_Work instruction_.
Please return exactly the lines from the beginning of the listing up to and including the line with "25가지 인기 한국 스타일", with no pictures.

_Extracted records_.
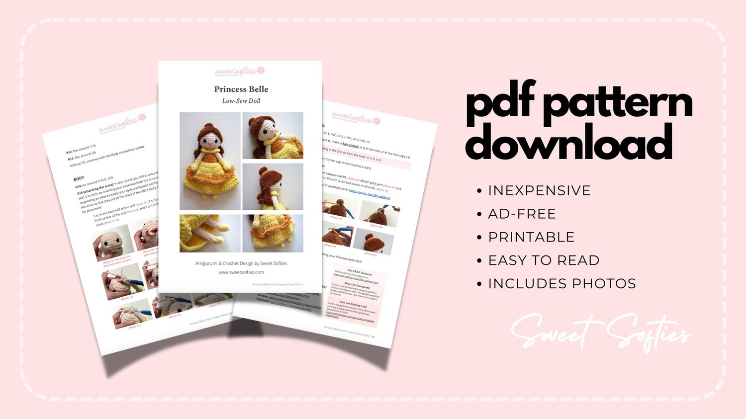 Pattern info page: https://www.sweetsofties.com/2025/09/princess-belle.html
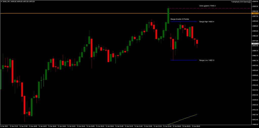 Die Handelsspanne im DAX beträgt in der letzten Stunde bislang 32 Punkte.
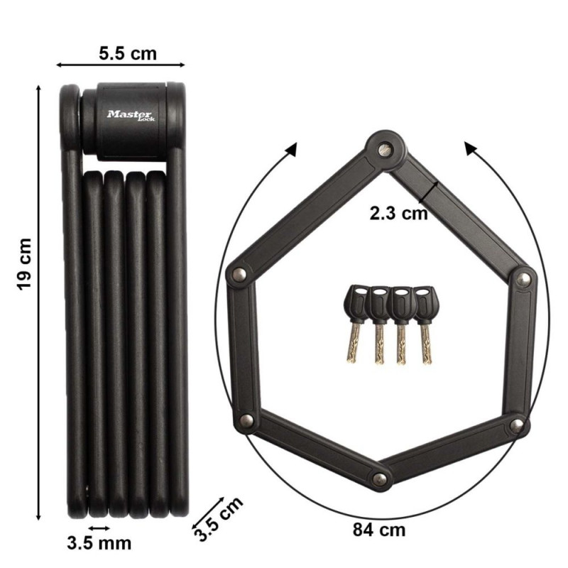 The Master Lock 8335EURDPRO folding lock is suitable for protecting road bikes, mountain bikes, folding bikes, e-bikes and more.
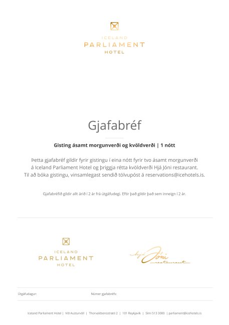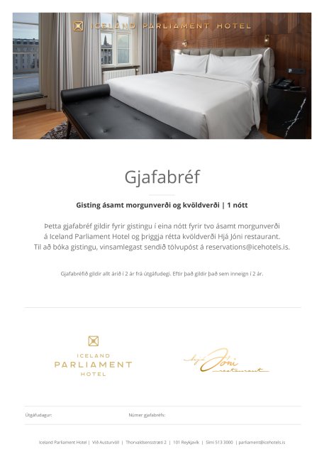 Þetta gjafabréf gildir fyrir gistingu í 1 nótt fyrir tvo ásamt morgunverði og þriggja rétta kvöldverði.
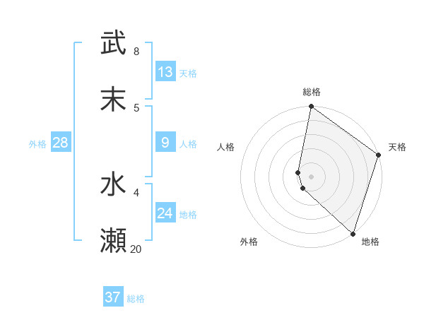武末 水瀬さんを姓名の画数から五運を鑑定
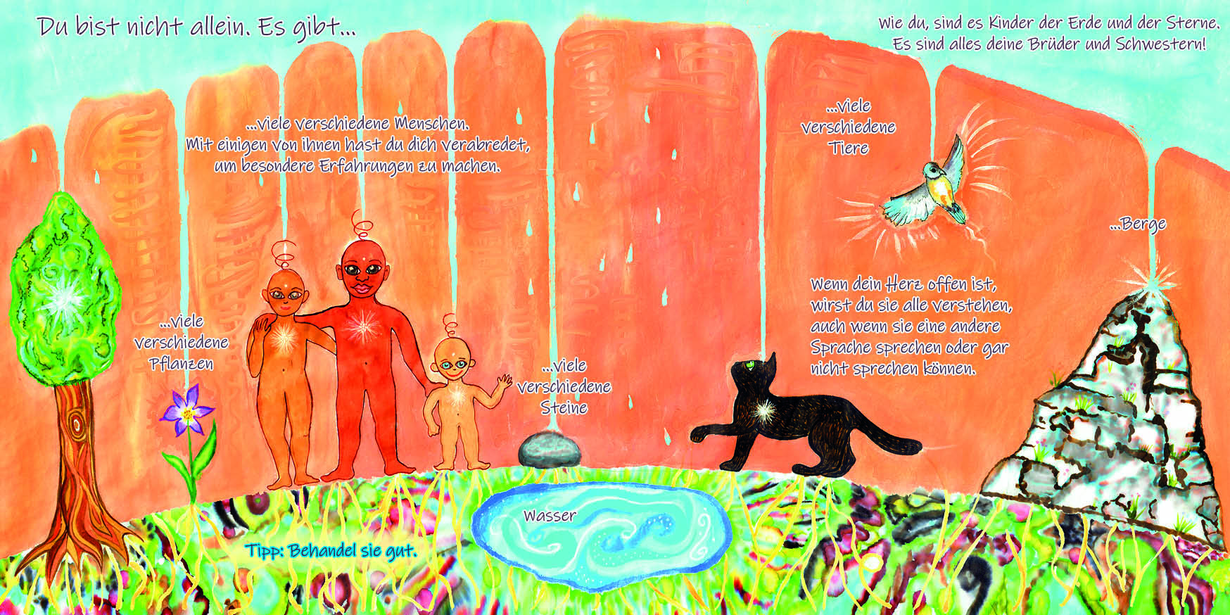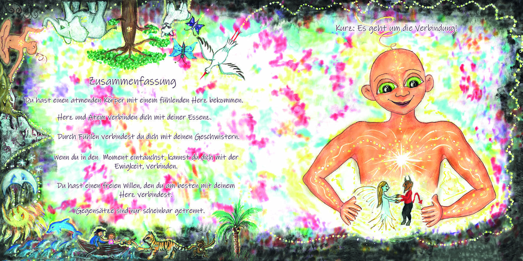 In 10 Minuten hat man es durchgelesen und will dann gleich noch mal, weil es schon zu Ende ist. Die Hintergrundenergie ist klar. Du bist hier herzlich willkommen, was auch immer die Welt dir erzählt. Die Erde wollte dich, sonst hättest du keinen Körper bekommen! Du atmest, das ist großartig und du hast ein Herz bekommen, also allerbeste Voraussetzungen.
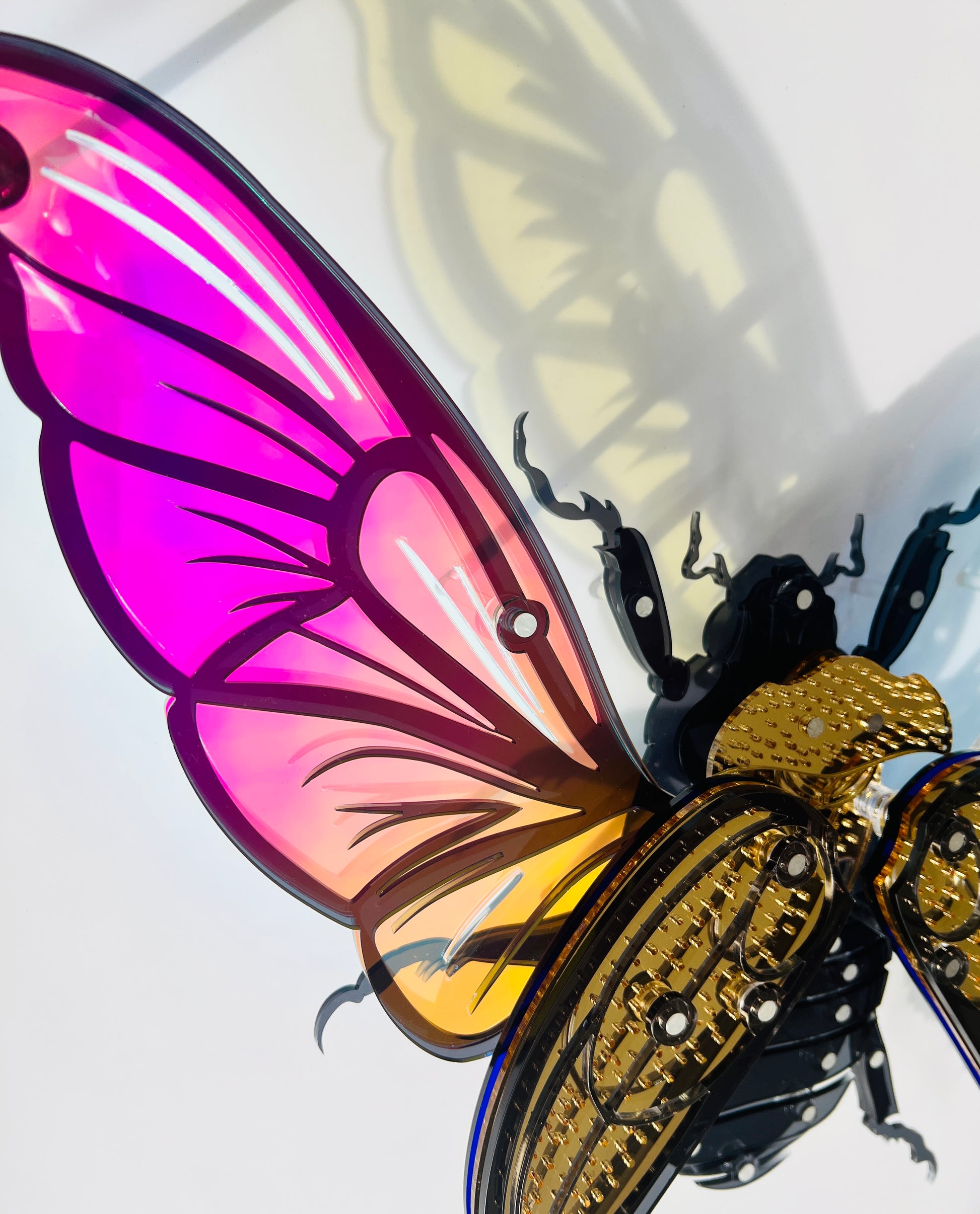 Golden Scarab Beetle – a bold and beautiful piece from our Aurora Collection. Inspired by the ancient scarab beetle and reimagined with a modern twist, this 3D wall art is crafted from layers of tinted acrylic (Perspex), delicately suspended on clear rods to create a stunning lifelike effect that appears to float from the wall.
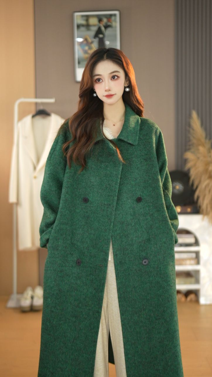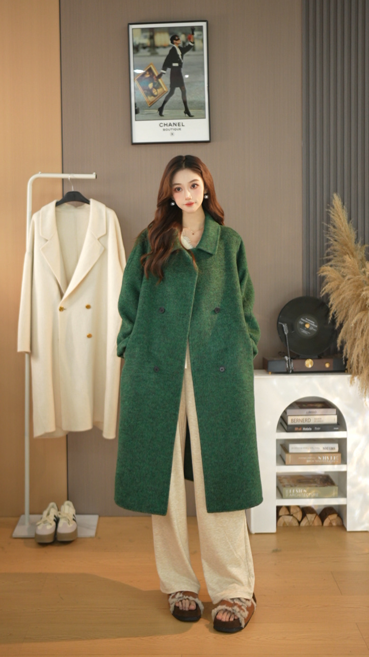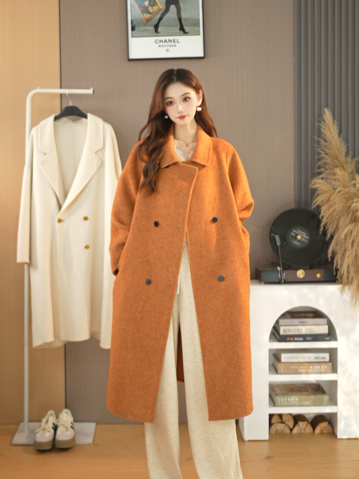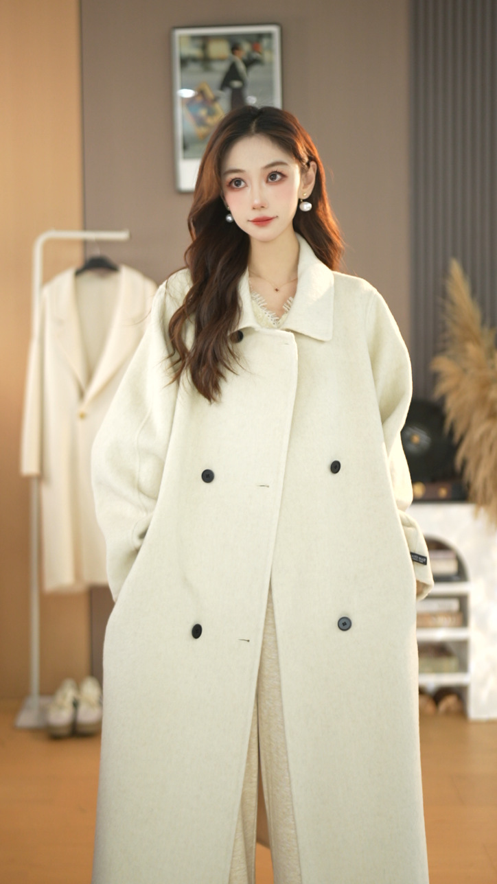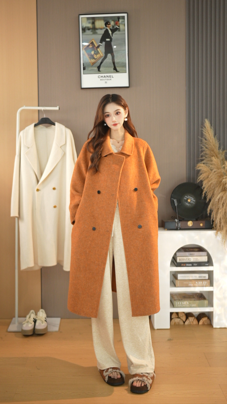 25가지 인기 한국 스타일 루즈핏 슬림 울 코트, 롱 패션 자켓, 여성용 고급스러운 분위기
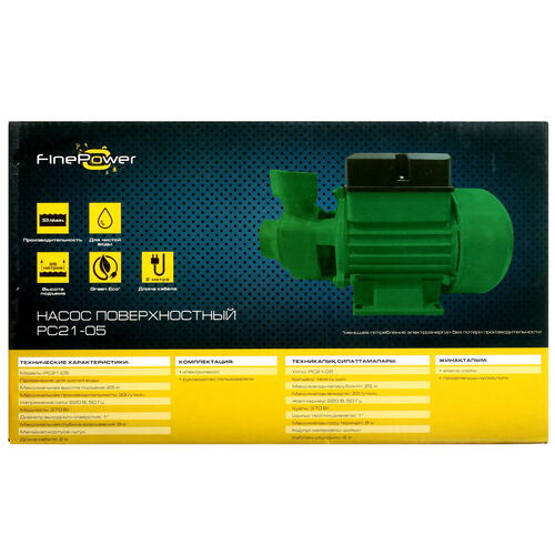 Корпус Finepower PC21-05 выполнен из чугуна, благодаря чему отличается высокой прочностью. Другой особенностью модели является изоляция класса IP44, что обеспечивает дополнительную безопасность при использовании. Питание оборудования осуществляется от сети 220 В, подключение к которой производится при помощи кабеля длиной 2 м. Насос поставляется в фирменной упаковке.
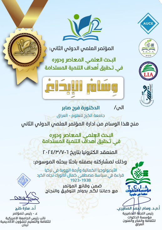 شاركت ا.م.د.فرح صابر محمد التدريسية في كليتنا في المؤتمر العلمي الدولي الثاني تحت عنوان(البحث العلمي ودوره المعاصر في تحقيق التنمية المستدامة) الذي عقدته الجامعة اللبنانية في بيروت بتاريخ 6-7/ 2024 :عن بحثها الموسوم “الأيديولوجيا الكمالية وأزمة الهوية في تركيا.قراءة في …

_Worked solution_.
 Pattern info page: https://www.sweetsofties.com/2025/09/princess-belle.html
 Die Handelsspanne im DAX beträgt in der letzten Stunde bislang 32 Punkte.
 The Master Lock 8335EURDPRO folding lock is suitable for protecting road bikes, mountain bikes, folding bikes, e-bikes and more.
 Þetta gjafabréf gildir fyrir gistingu í 1 nótt fyrir tvo ásamt morgunverði og þriggja rétta kvöldverði.
武末 水瀬さんを姓名の画数から五運を鑑定
 In 10 Minuten hat man es durchgelesen und will dann gleich noch mal, weil es schon zu Ende ist. Die Hintergrundenergie ist klar. Du bist hier herzlich willkommen, was auch immer die Welt dir erzählt. Die Erde wollte dich, sonst hättest du keinen Körper bekommen! Du atmest, das ist großartig und du hast ein Herz bekommen, also allerbeste Voraussetzungen.
 Golden Scarab Beetle – a bold and beautiful piece from our Aurora Collection. Inspired by the ancient scarab beetle and reimagined with a modern twist, this 3D wall art is crafted from layers of tinted acrylic (Perspex), delicately suspended on clear rods to create a stunning lifelike effect that appears to float from the wall.
 25가지 인기 한국 스타일 루즈핏 슬림 울 코트, 롱 패션 자켓, 여성용 고급스러운 분위기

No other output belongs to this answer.